The only way I see someone wanting to watch this possibly to convince someone about animal rights and cruelties. I don't see this as an entertainment type program, but it does help to inform about something that most of the country isn't aware of, especially my grateful happy dogs who are still wondering why I shed so many tears."

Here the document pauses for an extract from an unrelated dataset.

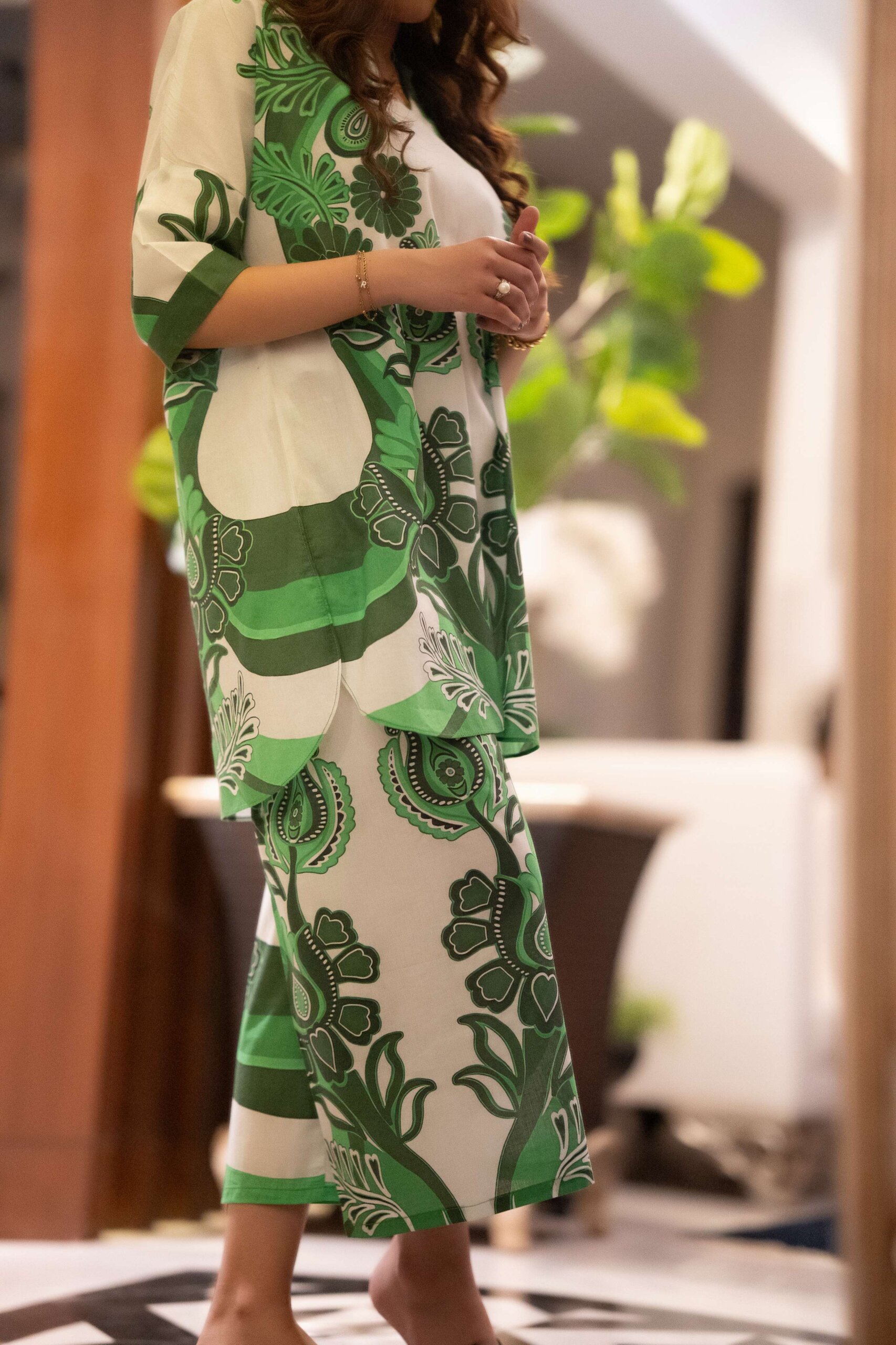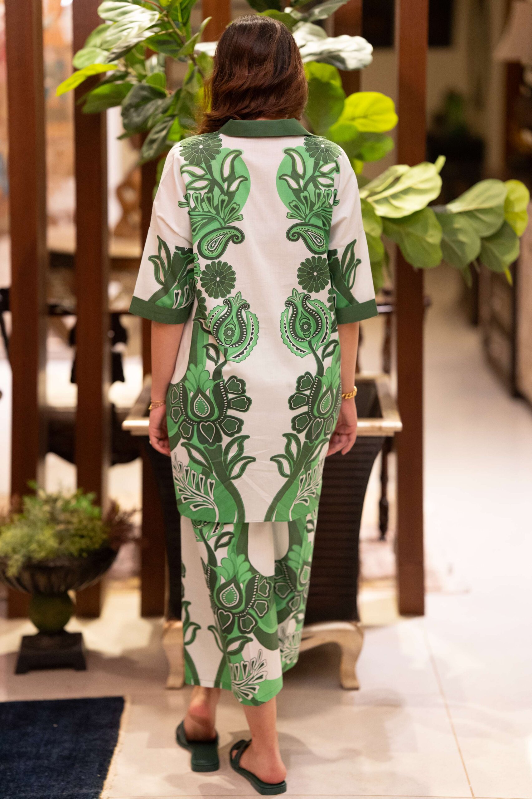 An earthy cotton co-ord inspired by traditional Mexican Aztec motifs, rendered in calming green tones. Balanced, soulful, and effortlessly grounded, it celebrates heritage with modern ease.

Very sad and disturbing documentary.
CQ DX | Ohio, USA | 03/25/2009
(5 out of 5 stars)

"In short, this is a very disturbing documentary on one "Class B" dog dealer, and how they mistreated and abused the dogs held in their care. In the end, because of the efforts of a small animal rights organization who sent in an undercover investigator, the operation gets shut down by the feds, and the owner fined. There are also elements of hypocrisy in this film, such as when the owner is revealed as being the preacher of his small Christian church. The hypocrisy, of course being how can a religious and supposedly caring Christian disregard and abuse many of these beautiful, innocent animals?! It's hard to believe that this kind of stuff goes on in this day and age."